A wide range of energy densities (from 15 J/cm2 to 90 J/cm2) were used in the studies. High energy densities can cause burns, while lower fluences may not be effective.36 The spot size (area covered by the beam at the tip of the applicator) varied significantly among different machines, ranging from 4 to 64 mm2.20,28,37 The number of treatment sessions and the period of treatment were not uniform across the studies and between 1 and 7 treatment sessions at intervals of 3 to 4 weeks were used. Although standard IPL protocols suggest a 3–4 week interval between treatments, Papageorgiou et al. have proposed that a longer interval of 6 or 8 weeks may be more cost-effective.24
Most studies have reported an improvement in erythema and telangiectasia after IPL application.30,38–44 This may be due to the ablation of abnormally dilated vessels and the reduction of extravascular leakage of inflammatory mediators.13 IPL also stimulates new collagen deposition and collagen remodelling, which improves support for small blood vessels, dermal connective tissue disorganisation, and elastosis.23,24 The improvement in the vascular features of rosacea (erythema and telangiectasia) could subsequently lead to a decrease in inflammatory lesions.23,24,32
Limitations
Eight of the studies were of low methodological quality.18,19,23–28 Neither the investigators nor the subjects were blinded, and the treatments were not concealed.
Conclusion
IPL is a safe and effective treatment for rosacea.
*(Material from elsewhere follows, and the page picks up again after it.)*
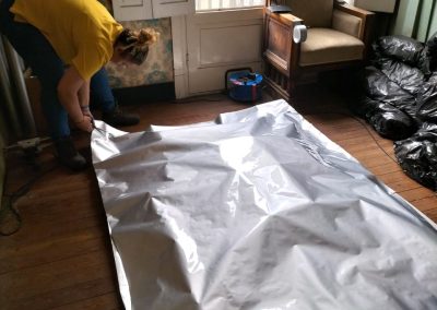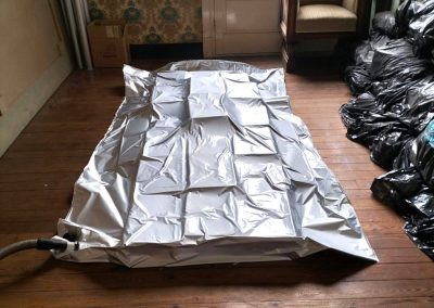 Introducimos as pezas (neste caso tomos, pero poderían ser outro tipo de obxectos) nunha burbulla de baixa permeabilidade ao oxíxeno que imos construíndo a medida. No interior da burbulla introducimos sacos inhibidores de oxíxeno, apoiados por bolsas de control da humidade, que han de conseguir crear esas condicións de atmosfera pretendidas, nas que os insectos morren por anoxia. Para asegurar que se dan estas condicións, realizamos unha supervisión desde o exterior por medio de sondas que nos permiten controlar os índices no nivel pretendido. Para esta monitorización axudámonos dun dispositivo de control Smart Anoxia a través do que podemos inspeccionar a actuación a distancia.

However, since all trials included in the studies show methodological limitations, more trials of better methodological quality must be conducted.
Declaration of patient consent
Patient’s consent not required as there are no patients in this study.
Financial support and sponsorship
This work is supported by the São Paulo Research Foundation (Grant Number 2021/02974-9 Recipient: Cintia Cristina Santi Martignago).
Conflicts of interest
There are no conflicts of interest.
Use of artificial intelligence (AI)-assisted technology for manuscript preparation
The authors confirm that there was no use of artificial intelligence (AI)-assisted technology for assisting in the writing or editing of the manuscript and no images were manipulated using AI.